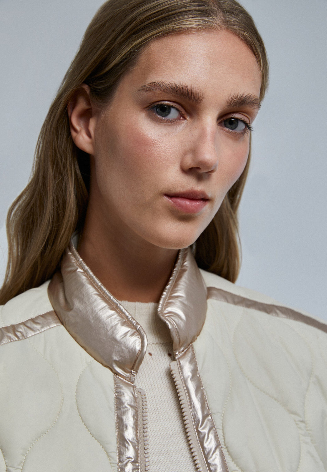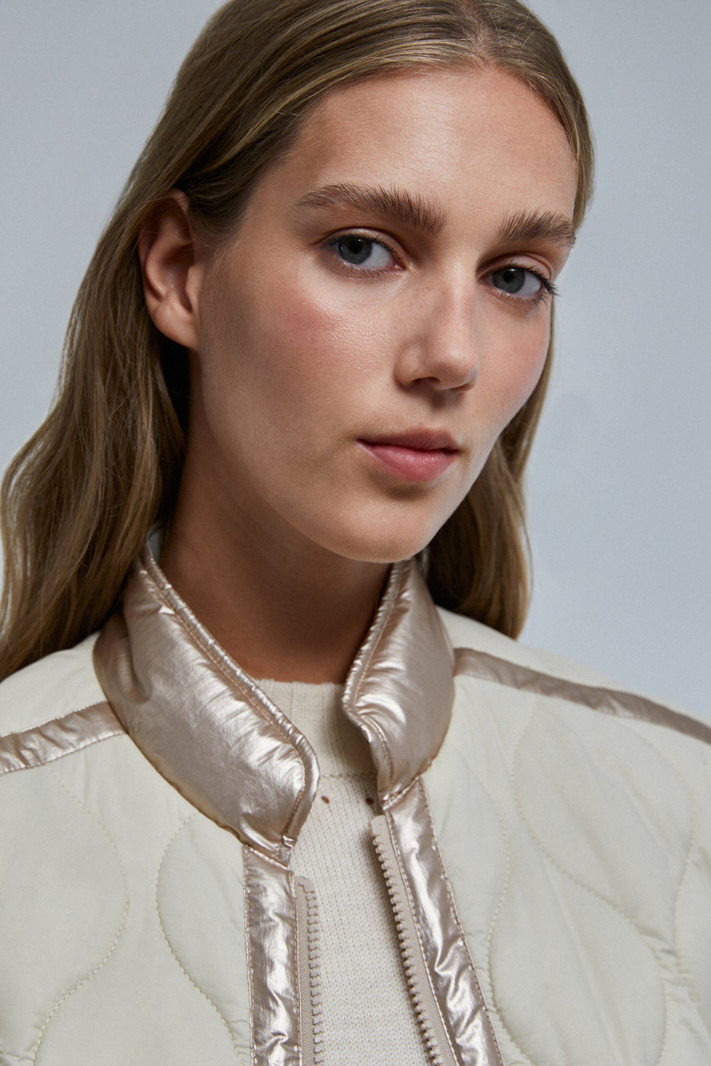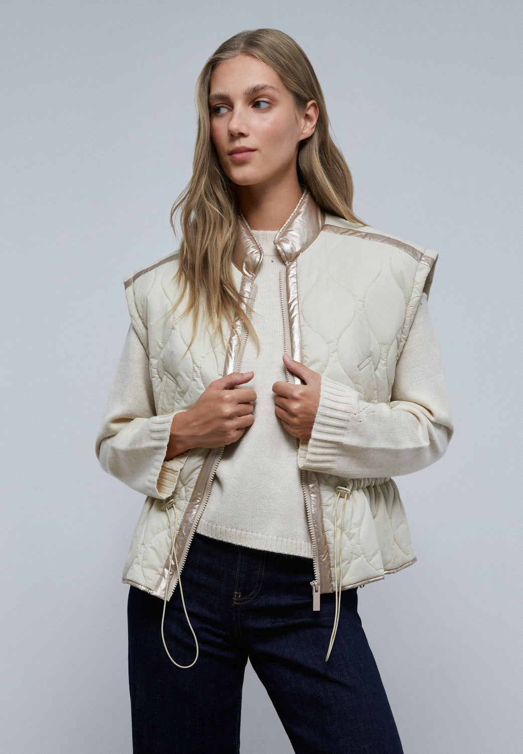 Chaleco acolchado con detalles metalizados.
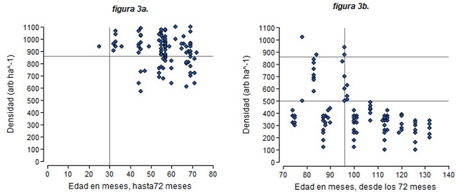Esta reducción en la densidad de árboles se debió a la aplicación de raleos sistemáticos, en el mejor de los casos obedeciendo la prescripción silvicultural de la especie aprobada por la institución (INAB). Sin embargo, cuando se analiza la Figura 3a respecto a una edad límite de 72 meses o 6 años (izquierda), la situación muestra que a los 30 meses (2,5 años) ya se había realizado un primer raleo (equivalente a aproximadamente 7,74%), reduciendo la densidad desde un aproximado de 1111 árboles por hectárea hasta un aproximado de entre 860 árboles por hectárea hasta un aproximado de 600 árboles por hectárea.
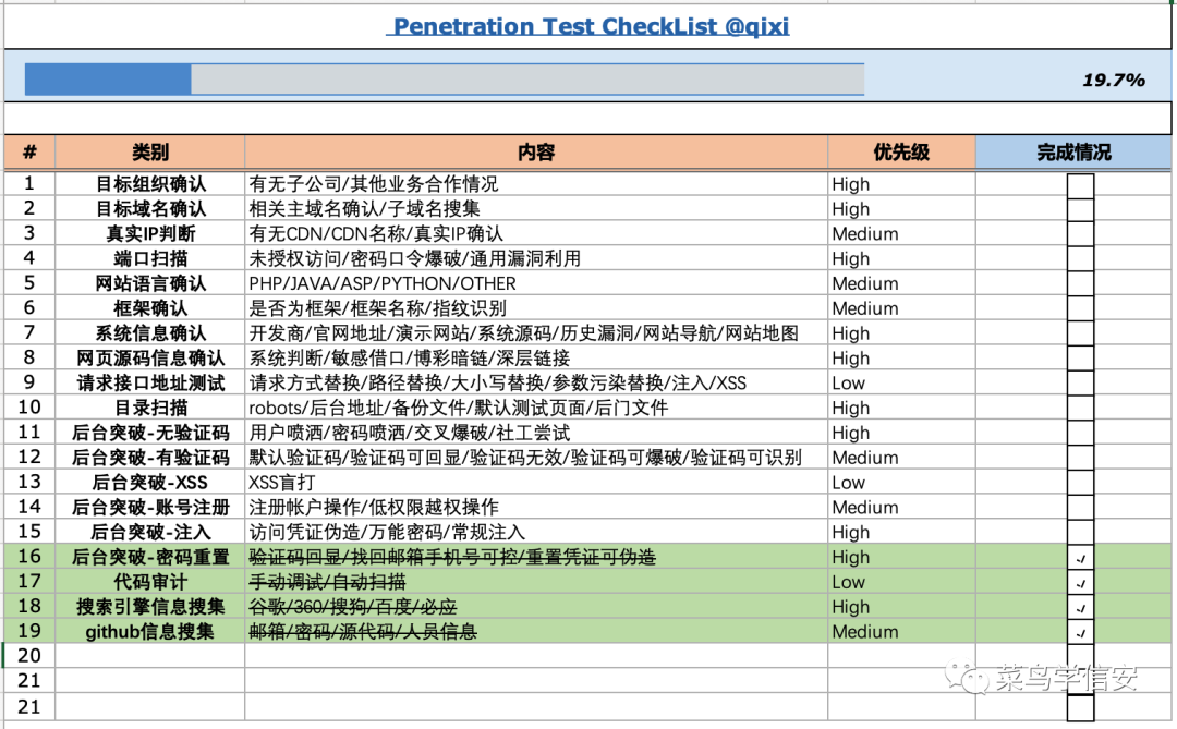 常规的渗透测试checklist,帮助强迫症和忘性患者梳理思路。
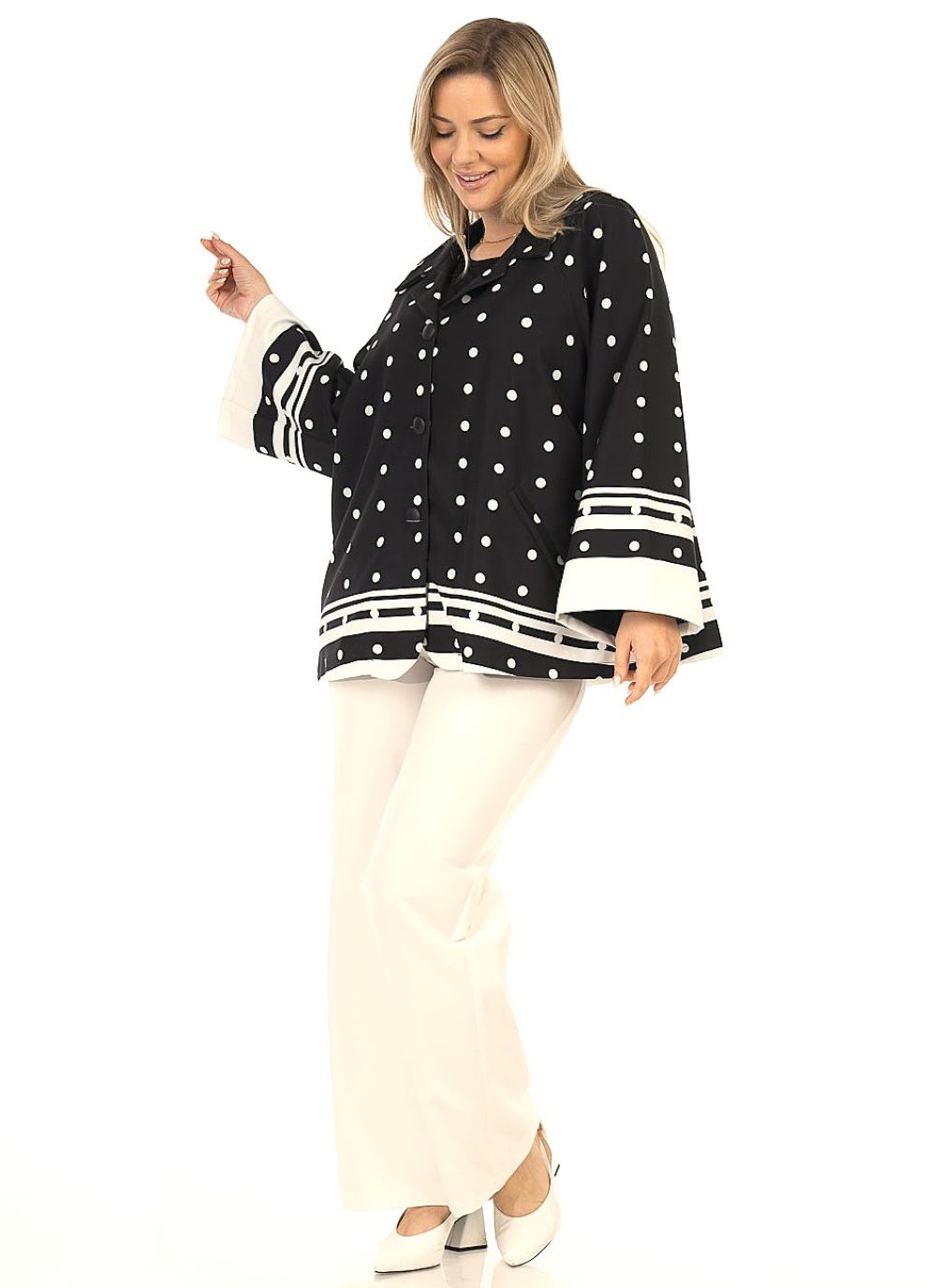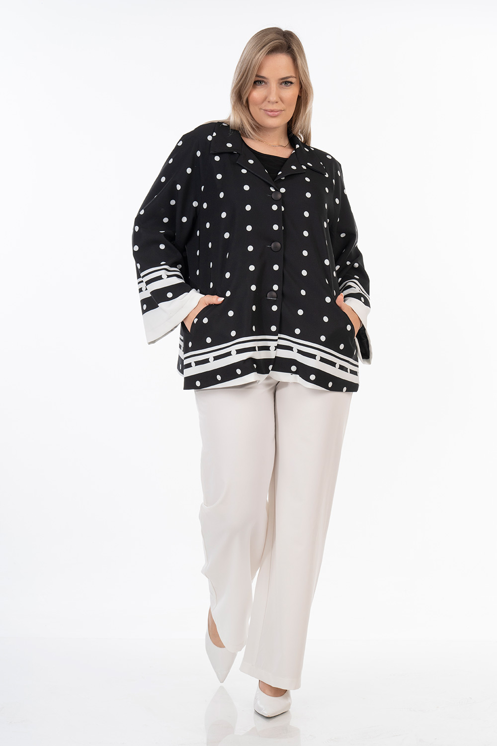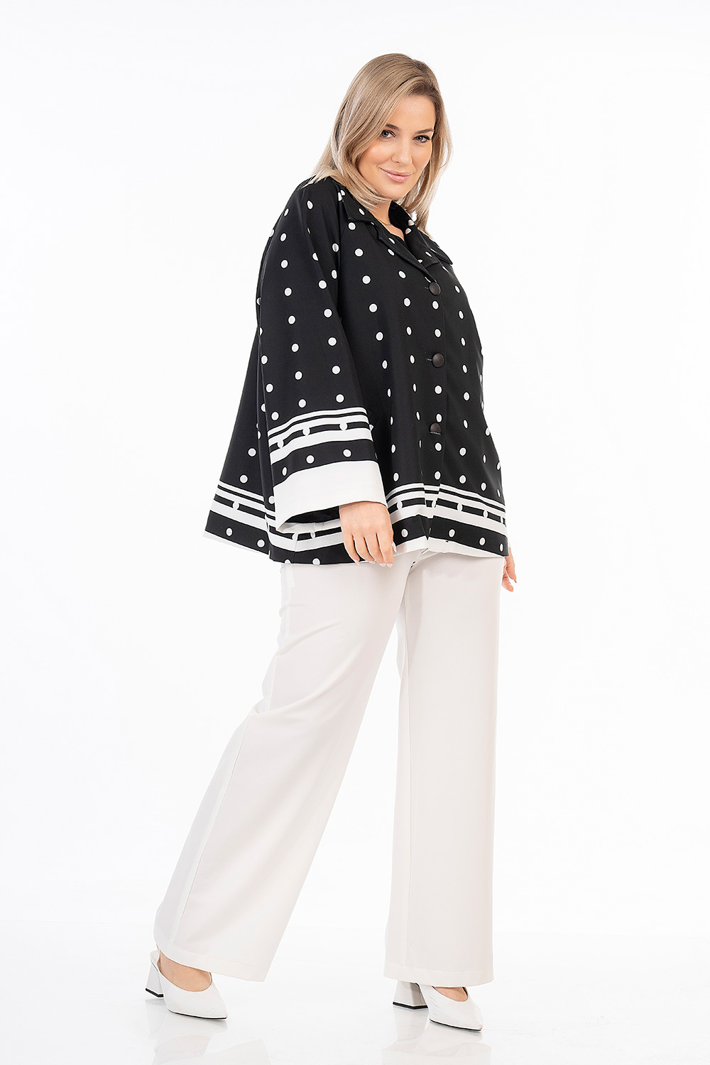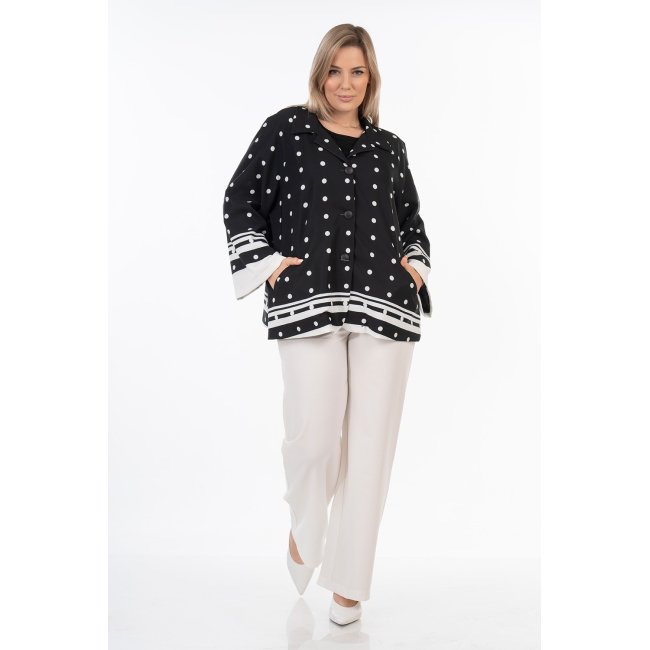Σακάκι σε ανορθωτικό ύφασμα, σκεπάζει την κοιλίτσα κολακεύοντας έτσι την σιλουέτα μας όποιο και αν είναι το size και ο σωματότυπός μας. Πέτο γιακά, κουμπιά, φιλέτο εσωτερικές τσέπες, στρογγυλό τελείωμα, μανίκια και σώμα σε Α πολύ άνετη γραμμή.
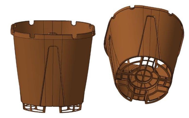 Lo sviluppo di un nuovo bordo consente di fissare il tubo di irrigazione direttamente al vaso ed é presente nei vasi da 25, 30 e 40 litri.
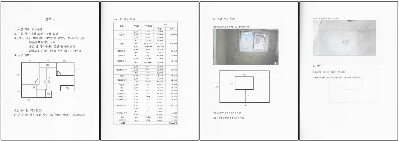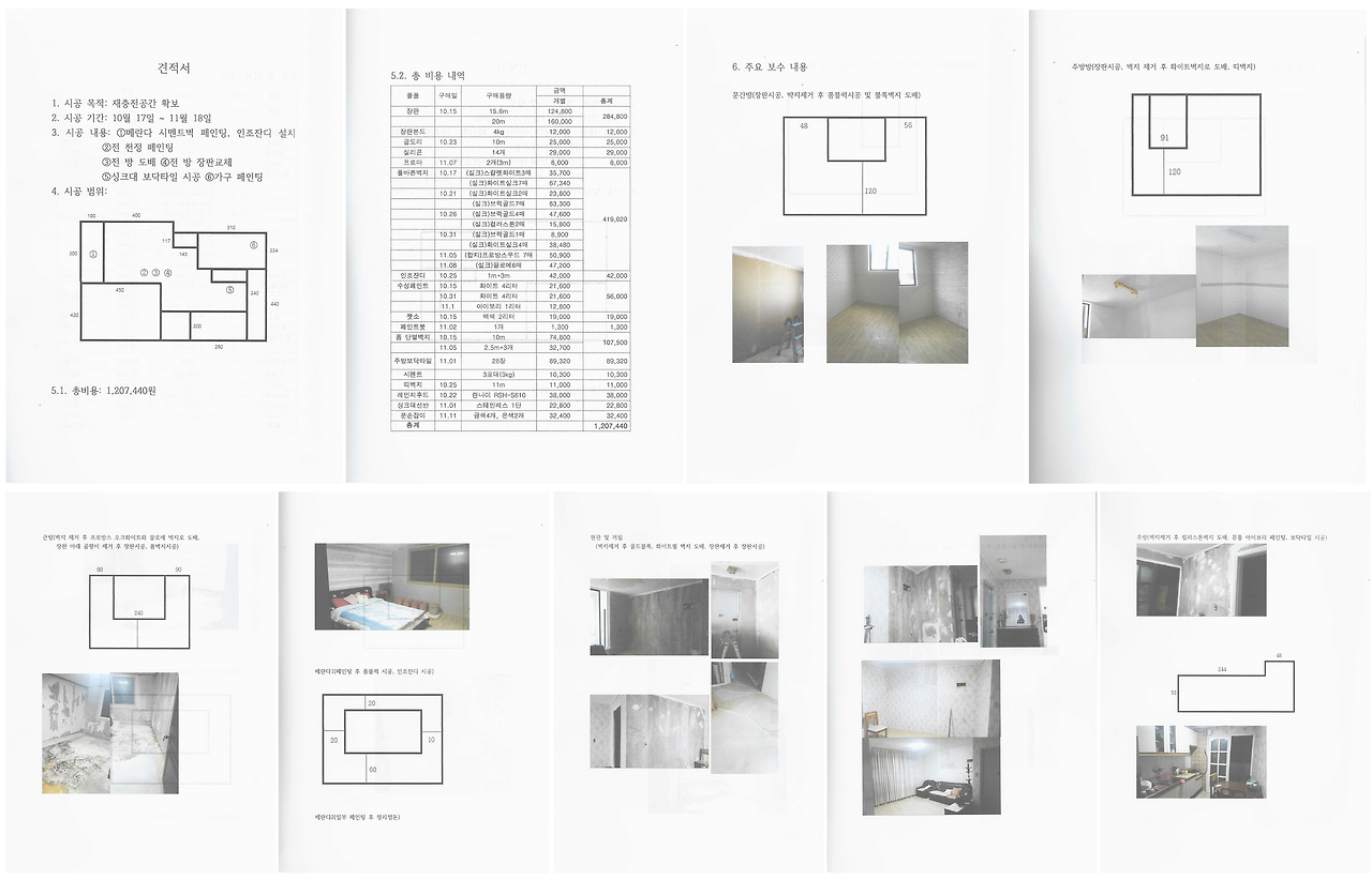 월세방을 구하는데도 전세처럼 보증금이 필요하다. 물론 보증금이 없는 집도 있는데 그러면 월세액이 더 비싸다. 기록을 정리하다 집을 고치고 부모에게 전달한 보고서 2개를 발견했다. 생각해보니 나의 월세 보증금은 두 개의 보고서에서 나왔다. 정확히는 2018년도에 집 2채를 고치고 부모에게 1700만원을 받았다.

━━━

THE TASK:
Everything in the data except the pictures must appear in your answer unchanged.

RESULT:
 Chaleco acolchado con detalles metalizados.
Esta reducción en la densidad de árboles se debió a la aplicación de raleos sistemáticos, en el mejor de los casos obedeciendo la prescripción silvicultural de la especie aprobada por la institución (INAB). Sin embargo, cuando se analiza la Figura 3a respecto a una edad límite de 72 meses o 6 años (izquierda), la situación muestra que a los 30 meses (2,5 años) ya se había realizado un primer raleo (equivalente a aproximadamente 7,74%), reduciendo la densidad desde un aproximado de 1111 árboles por hectárea hasta un aproximado de entre 860 árboles por hectárea hasta un aproximado de 600 árboles por hectárea.
 常规的渗透测试checklist,帮助强迫症和忘性患者梳理思路。
Σακάκι σε ανορθωτικό ύφασμα, σκεπάζει την κοιλίτσα κολακεύοντας έτσι την σιλουέτα μας όποιο και αν είναι το size και ο σωματότυπός μας. Πέτο γιακά, κουμπιά, φιλέτο εσωτερικές τσέπες, στρογγυλό τελείωμα, μανίκια και σώμα σε Α πολύ άνετη γραμμή.
 Lo sviluppo di un nuovo bordo consente di fissare il tubo di irrigazione direttamente al vaso ed é presente nei vasi da 25, 30 e 40 litri.
 월세방을 구하는데도 전세처럼 보증금이 필요하다. 물론 보증금이 없는 집도 있는데 그러면 월세액이 더 비싸다. 기록을 정리하다 집을 고치고 부모에게 전달한 보고서 2개를 발견했다. 생각해보니 나의 월세 보증금은 두 개의 보고서에서 나왔다. 정확히는 2018년도에 집 2채를 고치고 부모에게 1700만원을 받았다.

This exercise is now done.